**Task goal**
Please copy the data below exactly, from its first line through the line holding "on dark background", and skip the pictures.

======== Information supplied

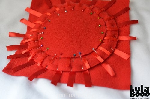 Вырезаем 2 круга разного диаметра, ленточки для лучиков. Скрепляем. Пришиваем.
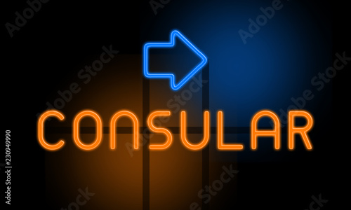 © Hepta, Fototapeta premium Consular - orange glowing text with an arrow on dark background
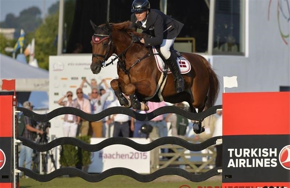 Danskerne var klar og motiveret for at give den en skalle i aftenens holdfinale ved EM. Kulissen var klar, men Søren Nørgaard Pedersens 10-årige Tailormade Chaloubet, bremsede hårdt på den store mur - to gange, og det betød afsked med parret. Det medførte et endnu større pres på de resterende ryttere, og måske især på Rikke Haastrup, som skulle på banen efter Søren. - Rikkes hest sprang til måske en 0 eller 4-runde, men efter det første nedslag, blev Rikkes ridning lidt præget af nervøsitet og det er helt fair, sagde landstræner Lars Nørgaard Pedersen. Rikke sluttede med 17 fejl.

================

**Response to this task**
 Вырезаем 2 круга разного диаметра, ленточки для лучиков. Скрепляем. Пришиваем.
 © Hepta, Fototapeta premium Consular - orange glowing text with an arrow on dark background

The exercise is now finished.